Les violences politiques ont atteint un niveau alarmant au Yémen sur fond de mécontentement politique et social des sudistes et de résurgence de la rébellion dans le nord, suscitant des interrogations dans le pays sur la capacité du gouvernement d'y faire face.

Une embuscade mardi dans le sud, attribuée à des sudistes, a été la dernière manifestation de ces violences qui secouent un pays où s'activent aussi des combattants d'Al-Qaeda et des rebelles chiites dans le nord.

Dans les seules provinces du sud, ces violences, sur fond de remise en cause de l'unification de cette partie du pays avec le nord en 1990, ont fait au moins 43 victimes entre policiers et civils depuis fin avril.

Les parlementaires, alarmés par la montée des violences, ont demandé des explications aux responsables du maintien de l'ordre lors d'une session houleuse lundi pendant laquelle les accusations ont fusé. Le premier de ces responsables, le vice-Premier ministre aux Affaires de la défense et de la sécurité, Rached Mohammed al-Alimi, a reconnu devant les élus que le pays faisait face à un «triple défi: Al-Qaeda, les rebelles chiites et les activistes sudistes».

Le ministre de l'Intérieur, Motahar Rachad al-Masri, durement critiqué par les députés du pouvoir comme ceux de l'opposition, n'a pu fournir d'explication claire sur le sort de cinq Allemands et un Britannique pris en otage en juin dans le nord, sinon que «l'enquête continue et que l'affaire est mystérieuse».

Les six captifs font partie d'un groupe de neuf personnes enlevés dans la région de Saada, coeur de la rébellion chiite. Les cadavres des trois autres, deux Allemandes et une Sud-Coréenne, avaient été ensuite retrouvés.

Dans le nord, la rébellion chiite zaïdite a lancé il y a quatre jours une série d'attaques sans précédent ces derniers mois, tuant sept militaires. Les affrontements entre les rebelles conduits par Abdel Malek al-Houti et les forces de l'ordre ont fait des milliers de morts depuis 2004 mais se sont relativement calmés ces derniers mois.

Le zaïdisme est une branche du chiisme, dont la plupart des adeptes résident au Yémen où ils sont minoritaires dans un pays à majorité sunnite. Les rebelles rejettent le régime actuel et appellent au rétablissement de l'imamat zaïdite, renversé par un coup d'Etat militaire en 1962.

Dans le sud, les habitants estiment être discriminés par des nordistes et ne pas bénéficier d'une aide économique suffisante. Des députés de tous bords se sont inquiétés de la réponse uniquement sécuritaire apportée par les autorités et notamment les socialistes qui étaient au pouvoir dans le sud avant l'unification. «Le problème est politique et ne peut être réglé par la réponse sécuritaire. Il trouve ses origines dans la guerre de 1994 qui a eu pour conséquence de marginaliser et d'exclure les sudistes», a martelé Aidarous Al-Naqib, le chef du groupe socialiste au Parlement.

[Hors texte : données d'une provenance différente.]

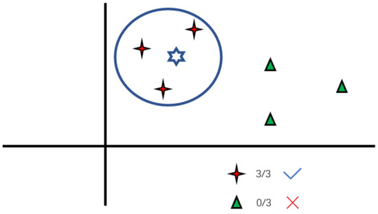 Then, find out the blue star (BS) level; the BS can be RD or GT. “K” is the nearest neighbor of the KNN algorithm to select from it, which is shown in Figure 3.

Le député faisait référence à une tentative de sécession du sud qui avait été écrasée dans le sang par les troupes nordistes. Les membres du gouvernement ont reproché aux députés de traîner des pieds pour adopter une loi antiterroriste et une loi sur le contrôle des armes, largement répandues parmi les civils.

Dans le climat d'insécurité qui fait dire à certains Yéménites que leur pays commence à ressembler à l'Irak, le risque d'une alliance d'Al-Qaeda avec les activistes sudistes est souvent évoqué. Le réseau terroriste a apporté son soutien aux sudistes et l'un des jihadistes, Tarek al-Fadhli, les a ralliés, organisant une manifestation le 23 juillet où seize personnes ont été tuées et 30 autres blessées dans des accrochages entre ses partisans et la police.